- [EXERCISE AIM]
The copy you give must match the listing below exactly and contain no pictures.

- [PROVIDED MATERIAL]
+++++

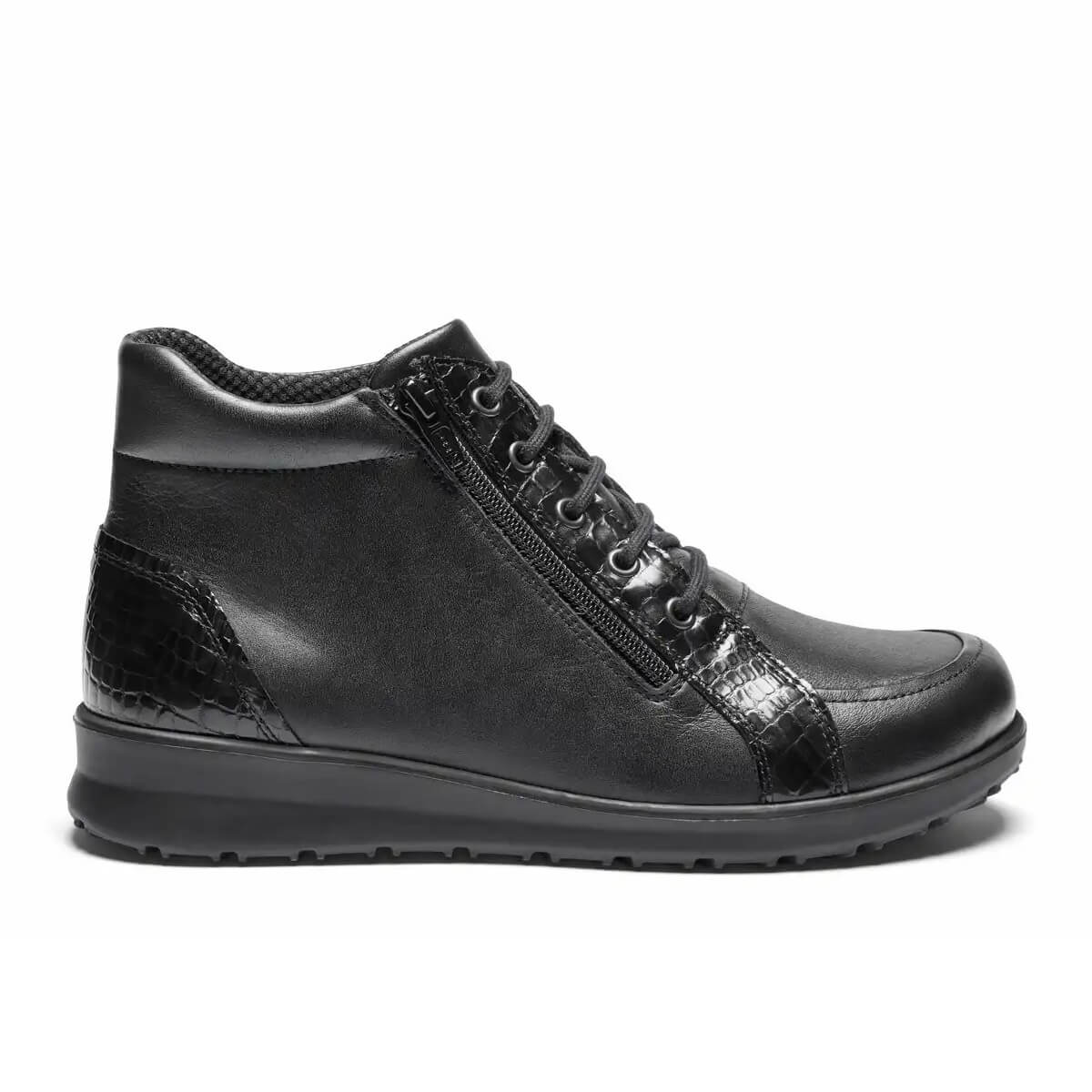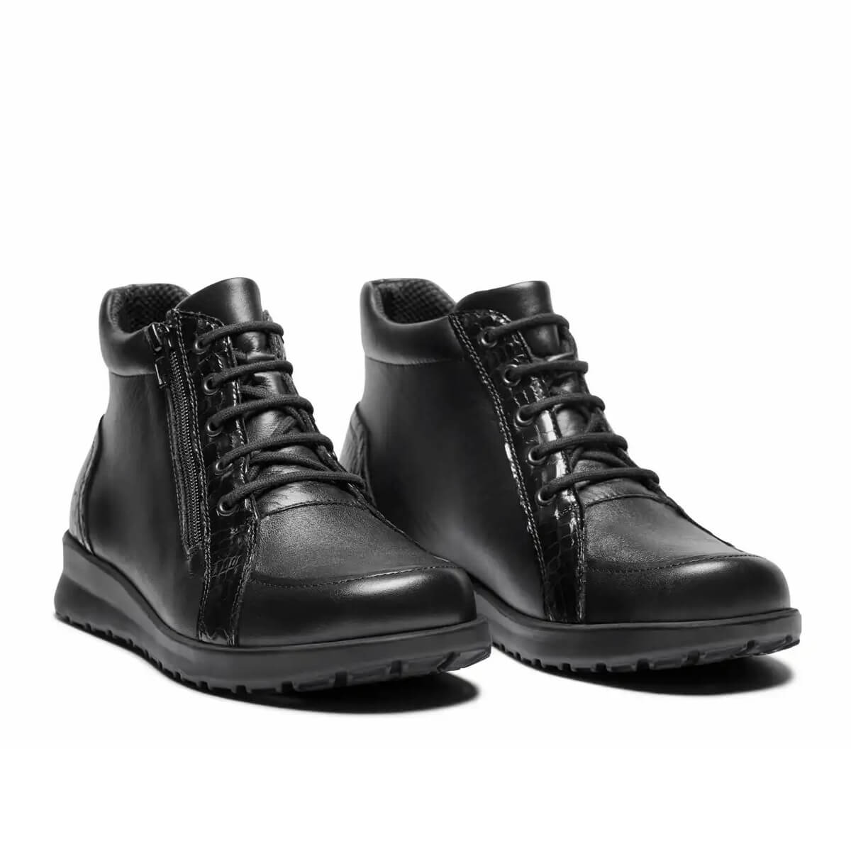Sköna damkängor i Orthostretch-material som anpassar sig efter foten. Är utrustade med båda snörning och dragkedja för att kunna öppnas upp rejält för att förenkla av- och påtagning. Hällyft 25 mm – fall 15 mm.
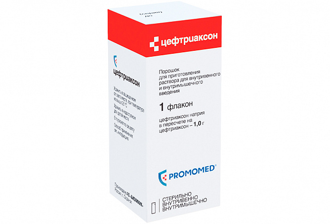 1 флакон содержит цефтриаксон (в форме динатриевой соли) 1 г
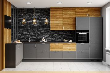 Удобство, универсальность и функциональность – это главные преимущества модели кухни «Моцарт». Гарнитур изготовлен из современного прочного материала и отделан с двух сторон эстетичным текстурированным пластиком.
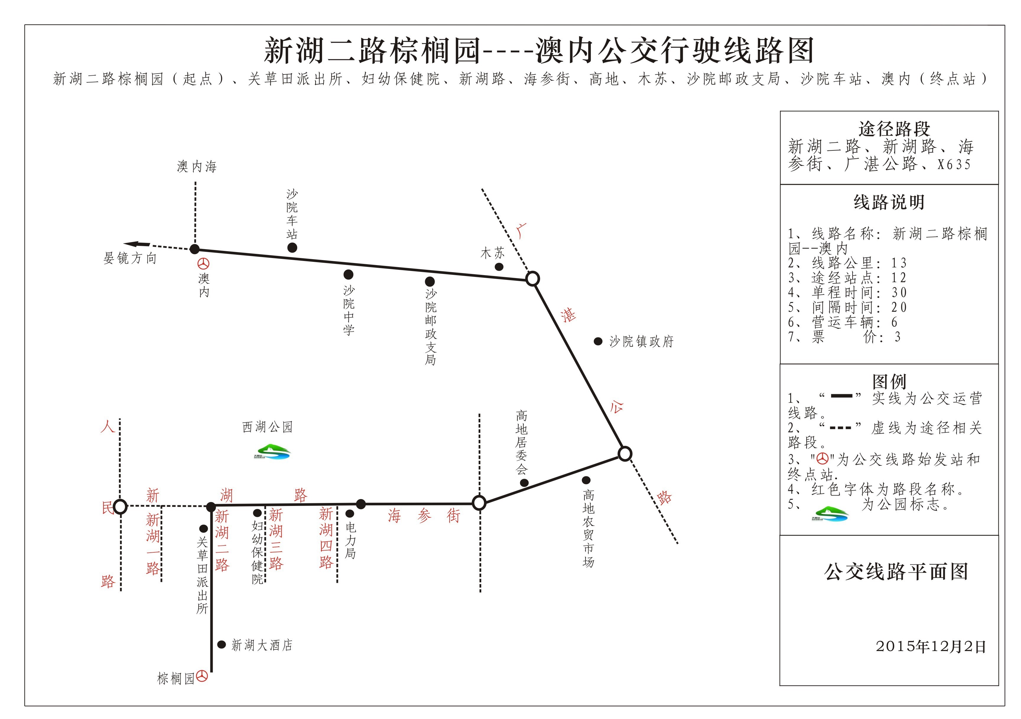 途经:新湖二路棕榈园(起点),新湖大酒店、关草田派出所、新湖路、妇幼保健院、海参街、高地、广湛公路、沙院镇政府、木苏、沙院邮政支行、沙院中学、沙院车站、终点:澳内。

+++++

- [RESULT OF THIS EXERCISE]
Sköna damkängor i Orthostretch-material som anpassar sig efter foten. Är utrustade med båda snörning och dragkedja för att kunna öppnas upp rejält för att förenkla av- och påtagning. Hällyft 25 mm – fall 15 mm.
 1 флакон содержит цефтриаксон (в форме динатриевой соли) 1 г
 Удобство, универсальность и функциональность – это главные преимущества модели кухни «Моцарт». Гарнитур изготовлен из современного прочного материала и отделан с двух сторон эстетичным текстурированным пластиком.
 途经:新湖二路棕榈园(起点),新湖大酒店、关草田派出所、新湖路、妇幼保健院、海参街、高地、广湛公路、沙院镇政府、木苏、沙院邮政支行、沙院中学、沙院车站、终点:澳内。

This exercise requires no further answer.